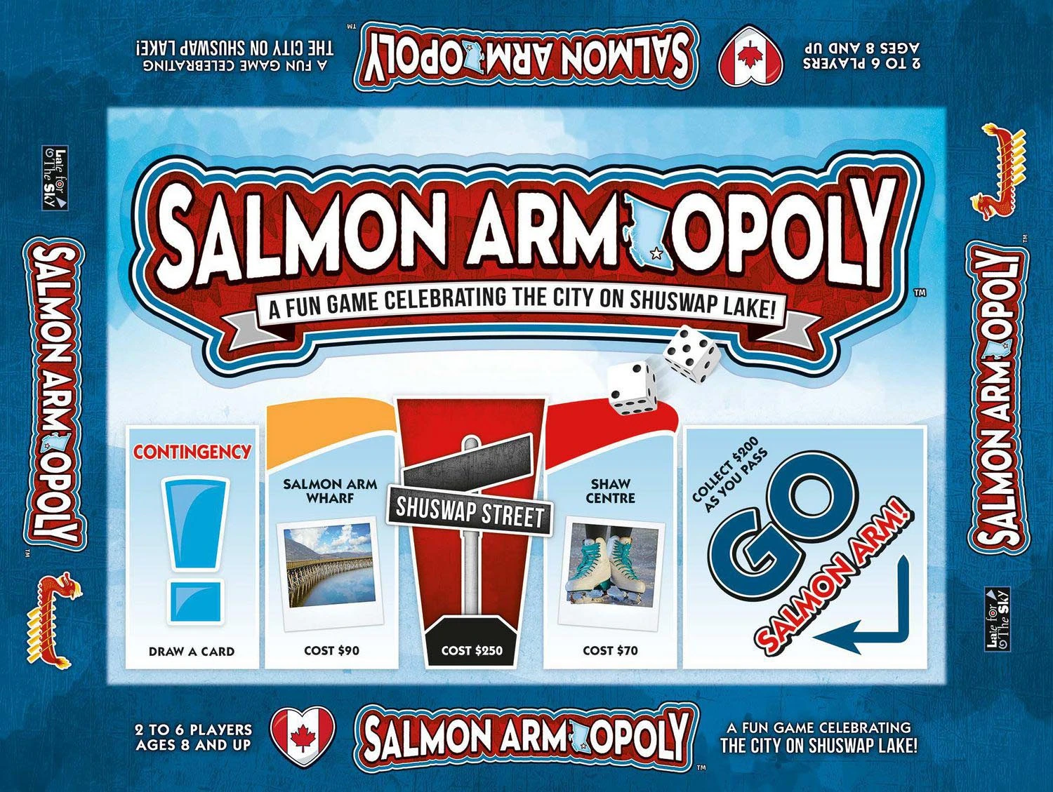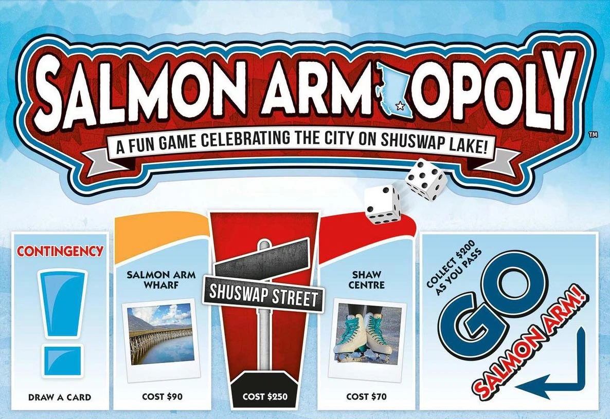 Buy your favourite Salmon Arm properties, increase your rent by collecting City Blocks and trading them in for Keys to the City. Sound easy? Well, add in some traffic jams, property tax and parking fines and it gets a little more difficult and a lot more fun! So choose your token and advance to GO Salmon Arm You may soon be the Mayor…or out of the game for eating too many Whiskey BBQ Ribs from Crown N’ Anchor!
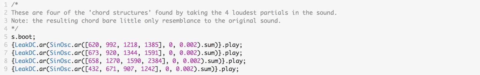 SuperCollider code showing the four loudest frequency partials of the chord structures (listed in the square brackets [] in hertz).
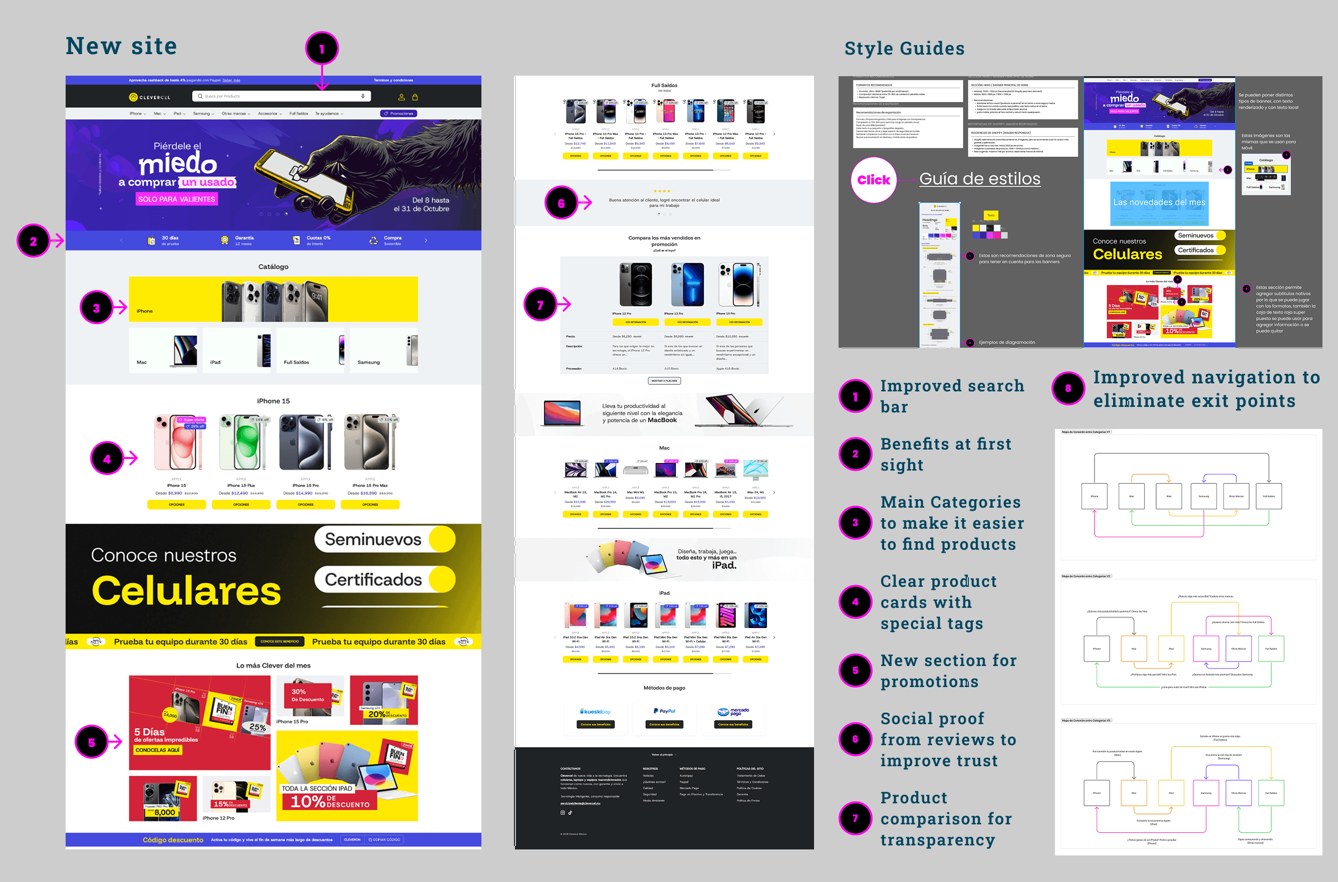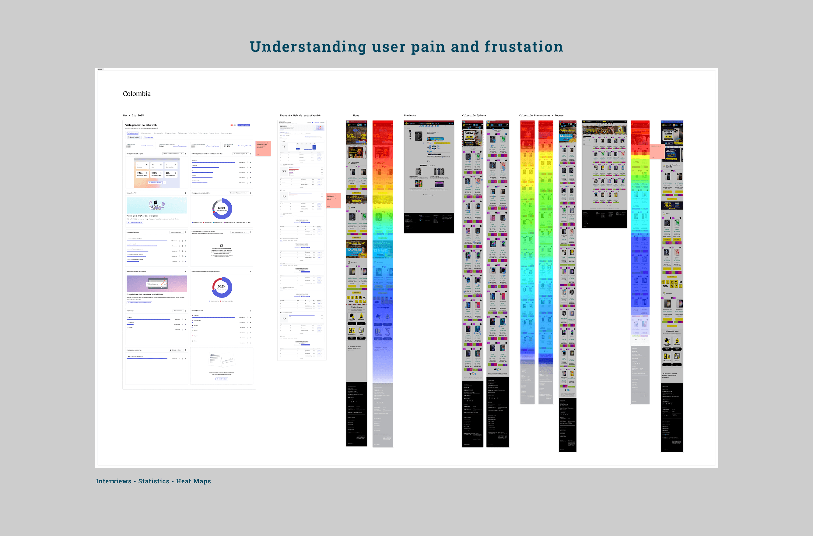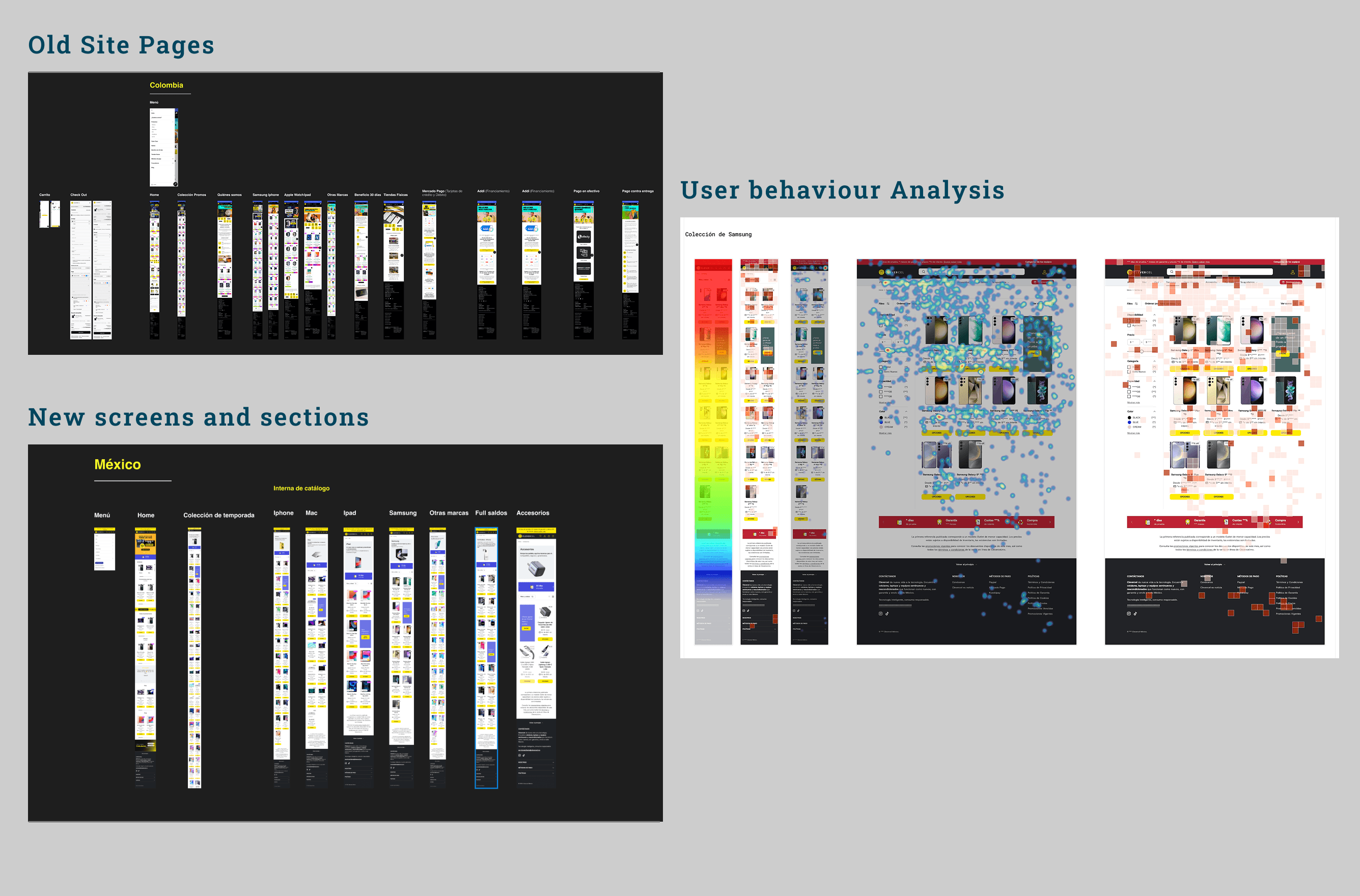 I proposed and executed a Circular Navigation Architecture on Shopify Plus. The core of the solution was interconnecting key categories (iPhone, Samsung, Full Saldos) to leverage visitors' purchase intent. If a user did not find their ideal device in one section, the design organically guided them toward another relevant opportunity through strategic internal links, avoiding dead ends and maximizing product discovery. Discovery-Driven Interface: Implemented product clusters (favorites, most viewed, percentage-based discounts) that invite continuous exploration. Content Optimization: Messaging was adjusted based on actual attention spans detected in heatmaps, prioritizing the benefits users were actively searching for.
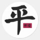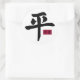 Um adesivo branco redondo para combinar o nosso cartão "Peace 2" com uma imagem do personagem chinês para a paz e um pequeno retângulo vermelho que contém os caracteres para a paz e o amor. Ver vinilheta, cartão, envelope, etiqueta de favor e etiqueta correspondente. Veja toda a coleção do Inalador nos CONVITES | Seção Stickers & Labels
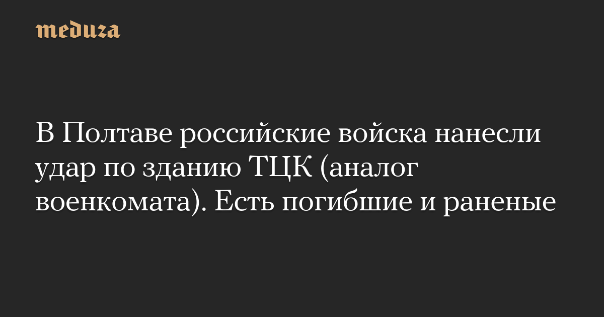 В Полтаве российские войска нанесли удар по зданию ТЦК (аналог военкомата). Есть погибшие и раненые
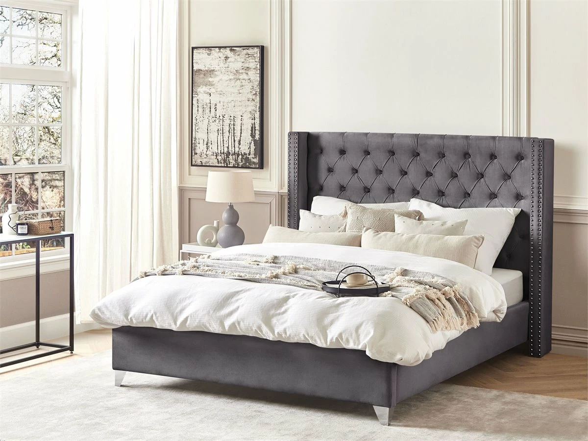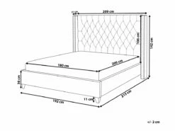 Cama de diseño glamuroso. Añade un toque de glamour a tu dormitorio con esta cama con somier. Está fabricada a partir de terciopelo de alta calidad. Los botones decorativos y las tachuelas en el cabecero combinan bien con las patas de metal. Ideal para interiores retro o contemporáneos. Detalles: Tipo de Producto: Cama matrimonial Estilo: Retro Color: Rosa Tonalidad: Rosa pastel Tipo de material: Poliéster aterciopelado Material principal: Terciopelo Material adicional: Madera de pino Composición del Material: 100% Poliéster Parte posterior tapizada: No Dimensiones: Dimensiones del reposacabezas: 209×142 Ancho: 209 cm Longitud: 215 cm Altura: 142 cm Superficie para dormir: 180×200 cm Peso: 61 kg Capacidad de peso: 300 kg La oferta incluye: 1 x Somier (45 listones flexibles, 1 x Estructura de cama, No incluye: colchón y ropa de cama Ventajas: La base de listones que absorbe los golpes proporciona un soporte perfecto, Elegante pieza decorativa, Acabado con remaches que enfatizan la forma del mueble, Combinación perfecta de colores y materiales, Estructura duradera y sólida, Completamente tapizado Información de montaje: Requiere montaje completo. 20-40 min. Información adicional: La altura del colchón visible en la imagen es de 20 cm. Tenga en cuenta que la tela de terciopelo puede verse un poco diferente cuando se expone a una iluminación diferente: tiende a brillar más a la luz del día y parece más atenuada en la iluminación artificial interior. Debido a la estructura suave de alta densidad, el tono de la tela de terciopelo también puede variar cuando se pasa la mano en diferentes direcciones y ángulos. Para igualar el color y eliminar las arrugas, el material debe limpiarse con la palma de mano abierta en una dirección, limpiarse con un paño húmedo o una plancha con vapor. Consejos de mantenimiento: Terciopelo: 1.Limpiar con champú seco y una esponja húmeda o un limpiador suave 2.Aspire con un accesorio adecuado.
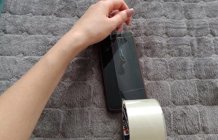 Мы предлагаем вооружиться самым обычным скотчем. Именно им стоит аккуратно обклеить стекло смартфона, чтобы не допустить появления на нем царапин. А на следующий день вы уже сможете спокойно съездить за новым защитным стеклом и просто снять скотч.
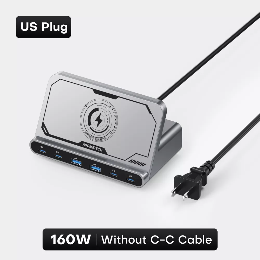 160W Multi-Port USB-C Desktop Charger with Wireless Fast Charging
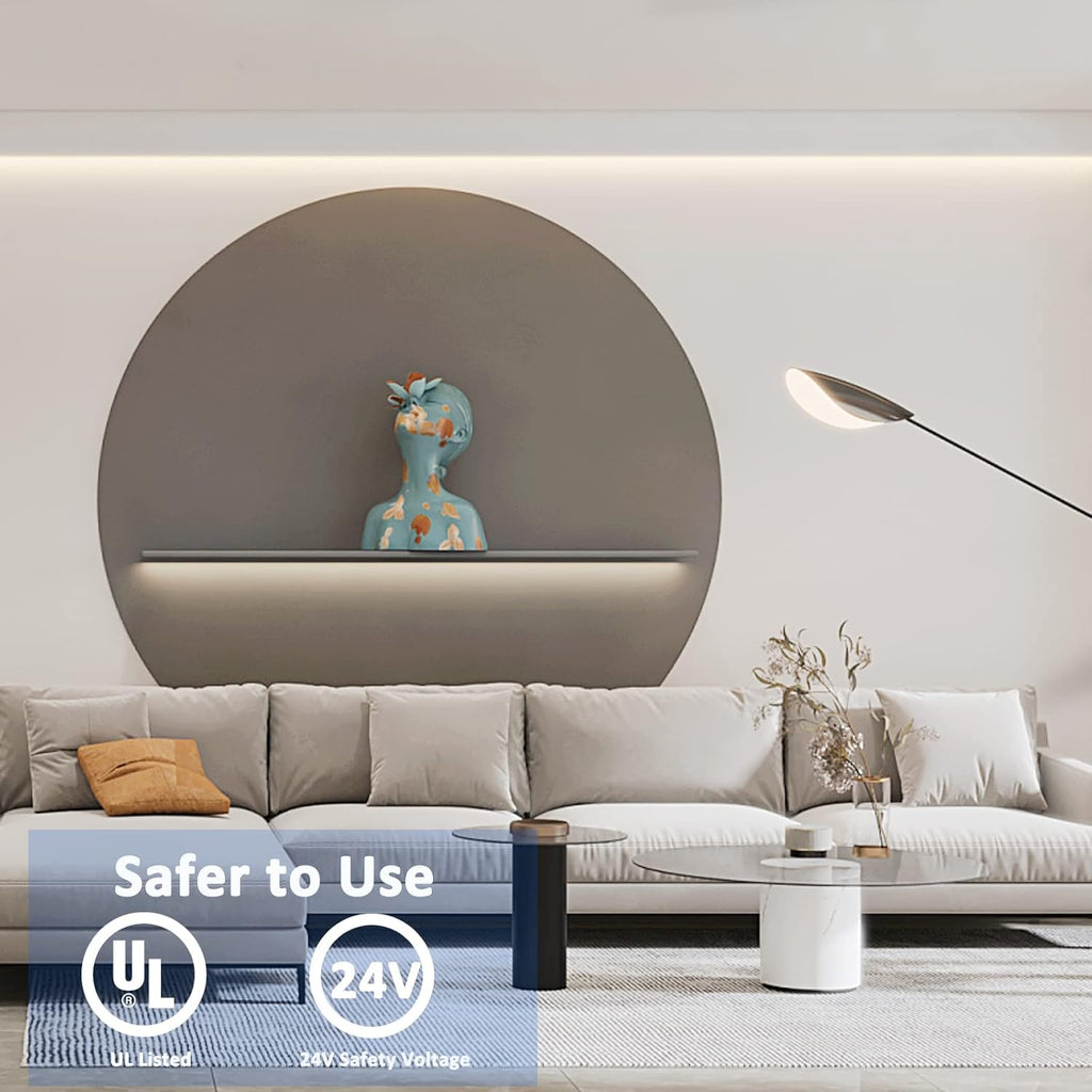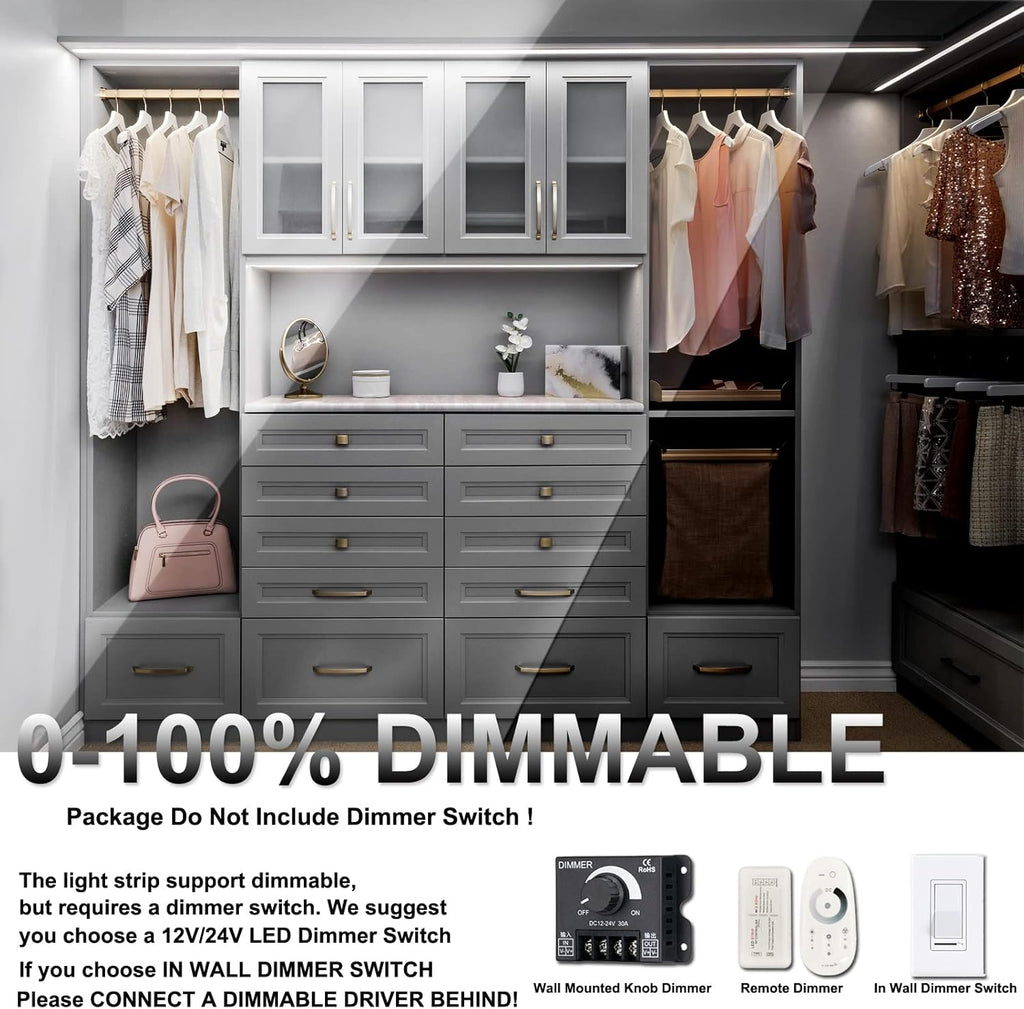 SL15 Ultra Bright Single-Color 3000K/4000K/5000K LED Dimmable Strip Light, 7.31W/ft 16.4ft SMD 2835 Strip Lights IP65 Waterproof Low Voltage 10mm DC24V Super Bright Tape Light

| What to work on |
Repeat word for word, leaving out the pictures, each line of the records from the line that holds "Мы предлагаем вооружиться" through the final one.

| Completed exercise |
 Мы предлагаем вооружиться самым обычным скотчем. Именно им стоит аккуратно обклеить стекло смартфона, чтобы не допустить появления на нем царапин. А на следующий день вы уже сможете спокойно съездить за новым защитным стеклом и просто снять скотч.
 160W Multi-Port USB-C Desktop Charger with Wireless Fast Charging
 SL15 Ultra Bright Single-Color 3000K/4000K/5000K LED Dimmable Strip Light, 7.31W/ft 16.4ft SMD 2835 Strip Lights IP65 Waterproof Low Voltage 10mm DC24V Super Bright Tape Light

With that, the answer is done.